Manuel Mall wrote:

Here are some of the combinations I have identified:

1. Non breaking / non elastic space => probably just a normal character, i.e. part of a word.

2. Non breaking / elastic space - eg. U+00A0 Non breaking space
        => Must prevent break
        => Must handle text-align

3. Break / non elastic - eg. U+200B ZWSP, any other break between two characters not involving adding or removing space/characters
        => Must handle border/padding
        => Must handle text-align

4. Break / non elastic / remove if not break - eg. U+00AD Soft hyphen
        => Must remove if not at break
        => Must handle border/padding
        => Must handle text-align

5. Break / non elastic / add character if break - eg. hyphenation
        => Must add space for hyphen if at break
        => Must handle border/padding
        => Must handle text-align

6. Breaking / elastic / non removable - eg.
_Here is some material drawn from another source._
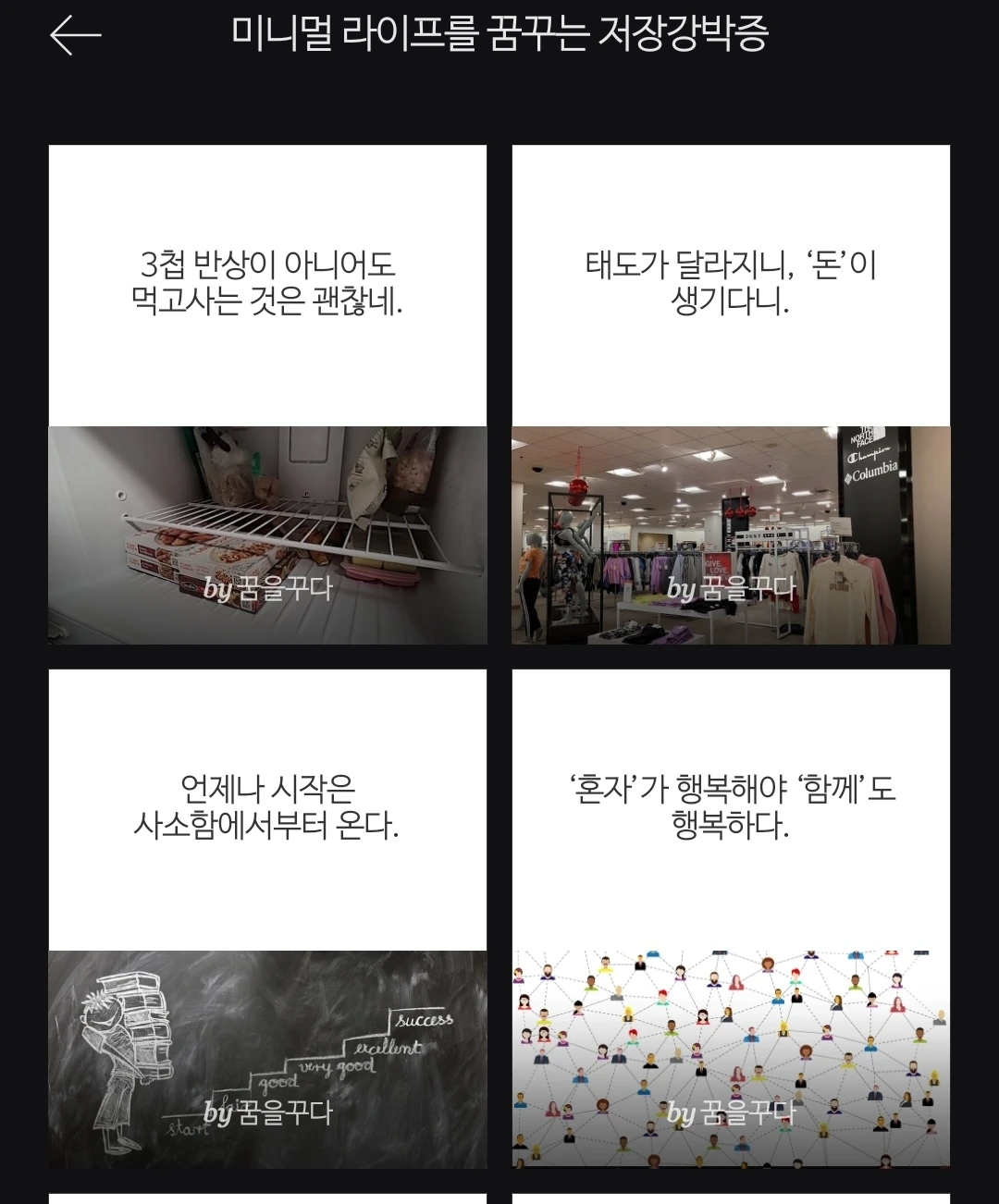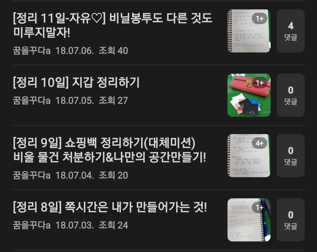 미니멀 라이프를 꿈꾸는 저장강박증이라는 제목으로 첫 글을 쓸 때만 해도 이걸 쓴다고 해서 뭐가 달라질까 반신반의했다. 그저 매일 글을 쓴다는 점에 의의를 두기로 하고 글도 간단히 작성했다. 그런데 미니멀 라이프를 생각하며 글을 쓰다 보니 일상을 구체적으로 돌아보게 됐다. 자아, 육아, 집안일, 인간관계 등 나를 둘러싸고 있는 모든 것을 과거에 대한 후회와 반성, 현재의 노력과 생각, 미래에 꿈꾸는 일상과 목표 측면에서 적어보았다. 적으면 적을수록 변화가 필요한 부분, 그 이유, 대책 등이 눈에 들어왔다. 글을 쓰기 위해 미니멀 라이프와 관련된 생각을 늘 하게 되고, 떠오르는 생각을 바로 실천까지 옮겼다. 혼자만의 다짐이 아니라 다른 사람에게 도전 중이라는 사실을 글로 쓰고 있다는 게 동기부여가 되기도 했다.

U+3000 Ideographic space
        => Must handle border/padding
        => Must handle text-align
Question: XSL-FO does not define U+3000 as removable white space but would under common CJK typesetting conventions this be removed at a line break?

7. Breaking / elastic / removable - eg. U+0020 Space
        => Can occur in runs which must be wholly removed
        => Must handle border/padding
        => Must handle text-align

Any combinations I have missed, e.g. is there a "break / non elastic / remove at break" case?

Maybe the fixed width spaces?

Anyway, it seems an exhaustive analysis of the problem!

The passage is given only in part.